Madame Marie said this move to an HR position turned out to be the most enjoyable and fulfilling post. In addition to business planning and training, she was also involved in running recruitment campaigns, marketing, chairing high level interview boards and membership of numerous inter-departmental committees charged with reform and modernisation of the public service. During that time, she also accepted a temporary move to the Defence Department to head their HR and training division to guide them through ISO and other accreditation processes.
The career of Madame Marie was interspersed with leaves of absence as she accompanied her husband on postings abroad. They have lived in Belgium, Zambia and Saudi Arabia. During these absences, she took the opportunity for further education in French, Montessori teaching, human resources, workplace relations and interior design. She said, “Although I took early retirement, I consider myself very lucky to have had such a fulfilling career in public service. In a way, as spouse to the Irish ambassador, my work in public service has actually continued.”
Madame Marie enjoys travel, interior design, flower arranging and cookery, although these passions were somewhat curtailed during her years working full-time and raising their daughter, Aisling. She joyfully admitted, “My current passion is my gorgeous grandson, Lucas James, who lives in Singapore with my daughter and son-in-law.

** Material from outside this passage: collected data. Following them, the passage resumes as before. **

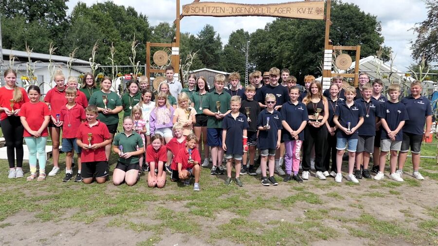 Die Sieger Biathlon vom KV IV beim Jugendzeltlager 2023 strahlen mit der Sonne um die Wette. Im Einzel und mit der Mannschaft haben sie Medaillen und Pokale für ihre tollen Leistungen erhalten.
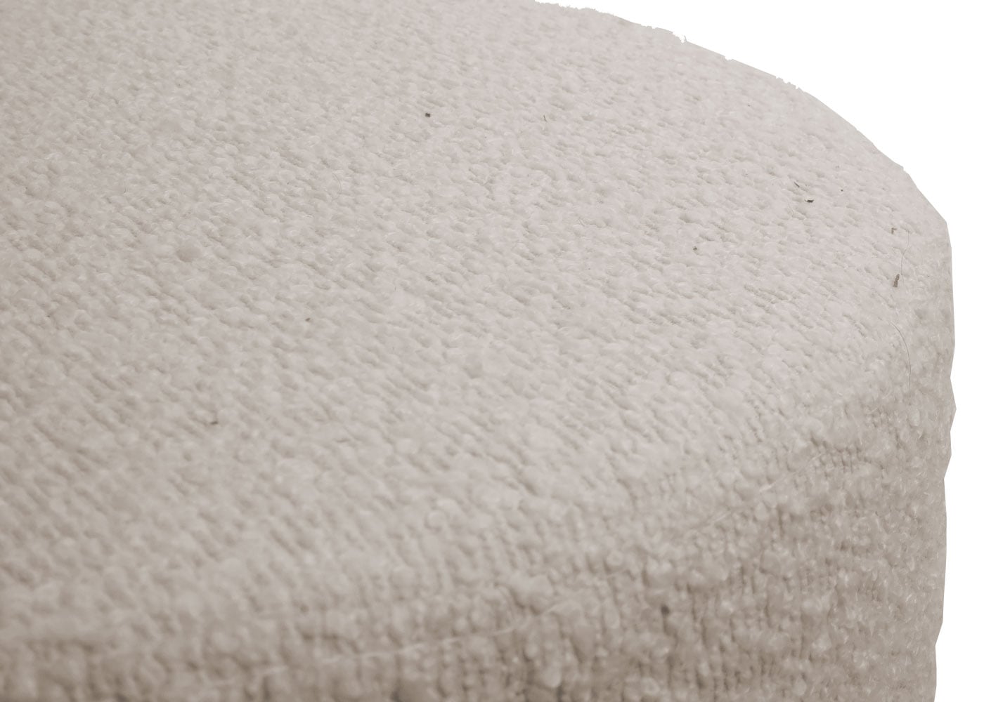 Dieser elegante Hocker verbindet stilvolles Design mit praktischer Funktionalität und ist die ideale Sitzgelegenheit für verschiedene Räume wie Wohn- oder Schminkzimmer. Der hochwertige Bouclé-Stoffbezug sorgt für einen modernen Look und außergewöhnlichen Sitzkomfort.
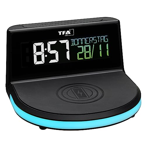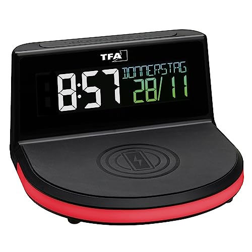 TFA Dostmann Charge-IT Sveglia Digitale, 60.2028.01, con Funzione di Ricarica Wireless (Qi), Data, Temperatura Ambiente, con Luce dell'ambiente, Nero

He is the light of our lives and constantly delights us as he develops and grows and shows his personality.”
As for sports, Madame Marie enjoys swimming and walking as well as watching Gaelic hurling, football and, of course, rugby. She candidly explained, “The Irish are very passionate about their local teams in Gaelic games. My own father, Maurice O’Grady, was a founding member of one of Ireland’s most successful GAA (Gaelic Athletic Association) clubs, Na Piarsaigh in Limerick City.”
Madame Marie has supported many charities over the years. The one closest to her heart is the Christina Noble Foundation in Ho Chi Minh City, Vietnam. Christina is an Irish children’s right campaigner whose passion to help street children is rooted in her own desperate upbringing in the slums of Dublin. In Thailand, she supports the Father Ray Foundation in Pattaya and Fatima Centre of the Good Shepherd Sisters in Bangkok. Sister Louise Horgan, an Irish nun who runs the Fatima Centre and has devoted more than fifty years helping some of the poorest and most marginalised communities in Bangkok, was just awarded the Irish Presidential Distinguished Service Award in recognition of her life’s work.

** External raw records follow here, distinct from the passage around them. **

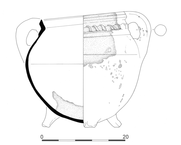 | 4b | drieledige grape met scherpe buikknik en ribbel op schouder of zone met draairibbels, zware uitstaande verdikte driehoekige rand met dekselgeul |
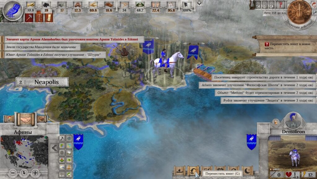 Ещё несколько ходов. Города строятся, исследования открываются. На севере Одрисское царство грабит мои владения и убивает поселенцев. Чуть западнее мне удается разбить одну из македонских армий. Между тем флоты медленно, но верно везут тяжёлых гоплитов туда, куда и Макар телят не гонял. Все идёт по плану.
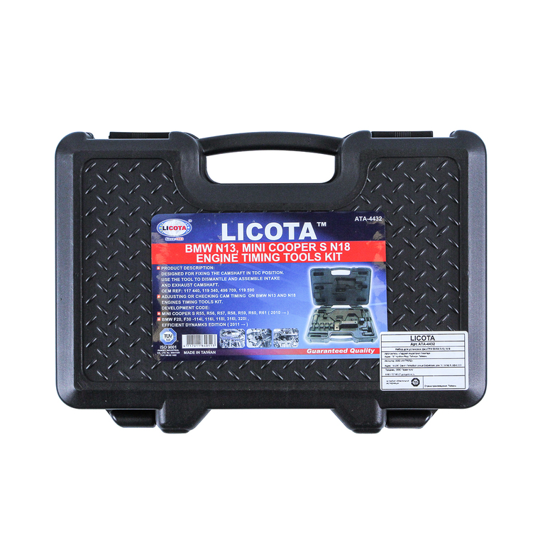 Набор для установки фаз ГРМ Licota ATA-4432 используется для выставления фаз ГРМ на автомобилях MINI COOPER с двигателями модификаций N13 и N18.
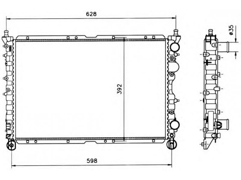 plotis [mm]: 377 aukštis [mm]: 558 storis [mm]: 34 OE numeriui: 60623447 transporto priemonės įranga: Transporto priemonėms be oro kondicionavimo sistemos transmisijos tipas: mechaninė transmisija |
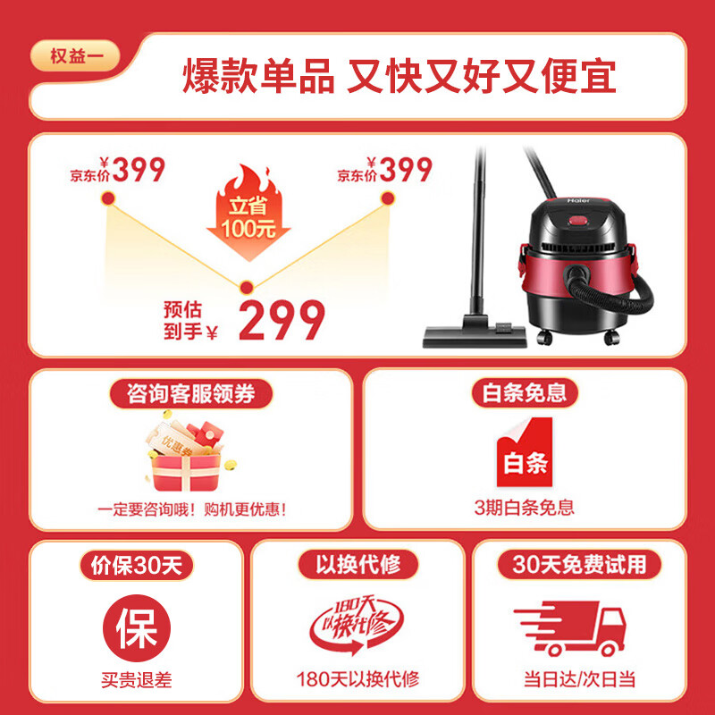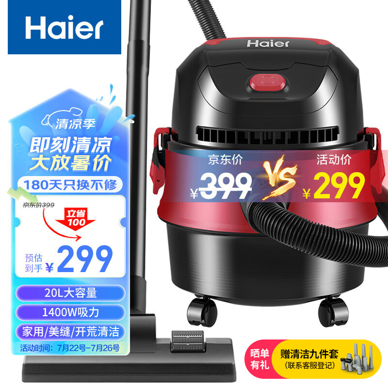海尔(Haier)吸尘器干湿吹三用大功率桶式家用吸尘器HZ-T620R价格:299.00元!
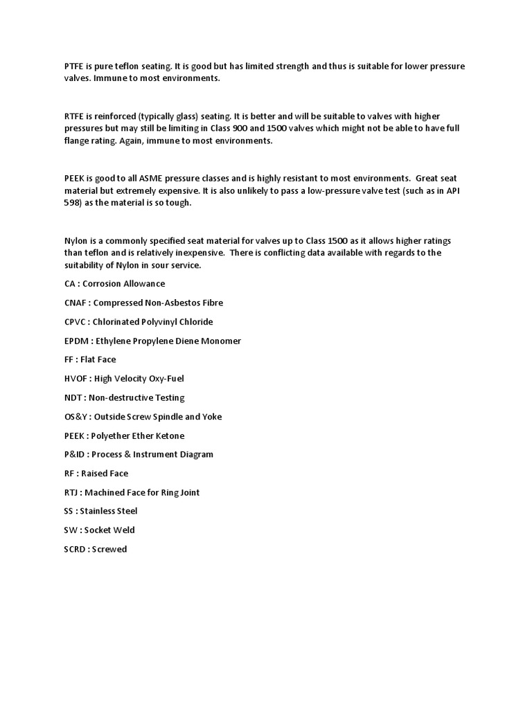 Nylon is a commonly specified seat material for valves up to Class 1500 as it allows higher ratings
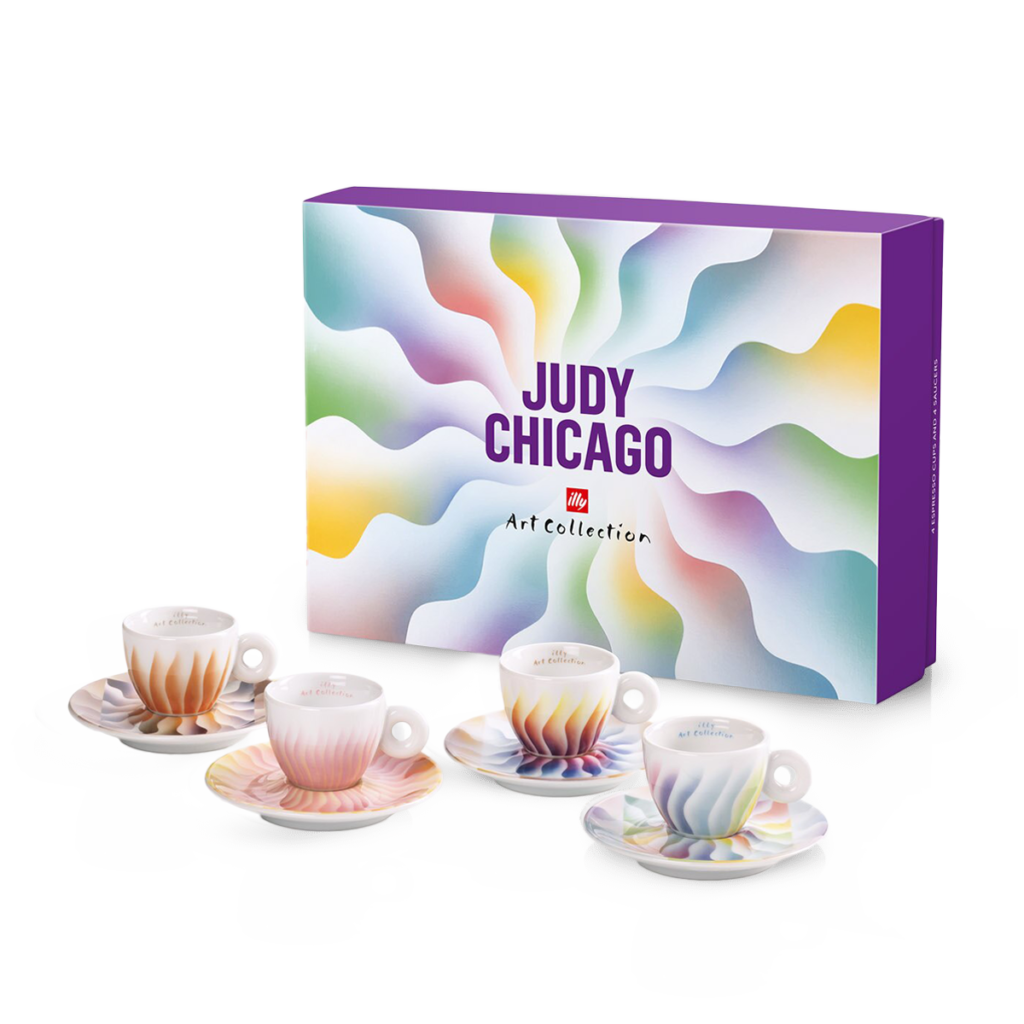 Za ovu illy Art kolekciju, Judy Chicago je ukrašila elegantne oblike ikonične espreso šalice senzualnim potezima koji su obilježili njezin rad u seriji Velike Dame, posvećenoj ženama koje su odigrale ključnu ulogu u povijesti umjetnosti, književnosti i politike: ikone poput Virginije Woolf, Madame de Staël, George Sand i Marie Antoinette.

When asked her views on the role of women, Madame Marie said, “Women have always played an important role in Ireland’s development – St Bridget vies with St Patrick as our patron saint. Countess Markievcz, a proponent of Irish independence, took a seat in the first Irish parliament and was also the first woman elected to the British parliament. More recently, Mairéad Corrigan and Betty Williams were Nobel Peace Prize winners and two of our presidents have been women (Mary Robinson 1990 -1997 and Mary McAleese (1997 – 2011).”
Ambassador Tony and Madame Marie moved to Thailand two years ago, although they were familiar with the country, as they previously owned a holiday home here for ten years. “We were lucky enough to be here for the coronation in 2019 and have always enjoyed our time here. This is definitely the posting our family and friends are most interested in visiting. Hopefully they will soon be able to travel here once again.”
Ambassador Tony Cotter is only the second resident Irish ambassador to Thailand as it was previously handled from the Irish embassy in Malaysia, and he and Madame Marie work hard to promote Ireland and Irish culture.
Madame Marie proudly said, “Ireland is a world-class education destination with student numbers from Thailand increasing in recent years. As a safe, friendly, English speaking country with universities ranked in the top 5% worldwide, Ireland is a perfect choice for Thai students.”
Ending our interview, Madame Marie candidly admitted, “Looking back over my life thus far, I am fortunate to have enjoyed a great education, a very fulfilling and interesting career and a happy family life. I look forward to the next chapters with equal enthusiasm and expectation.”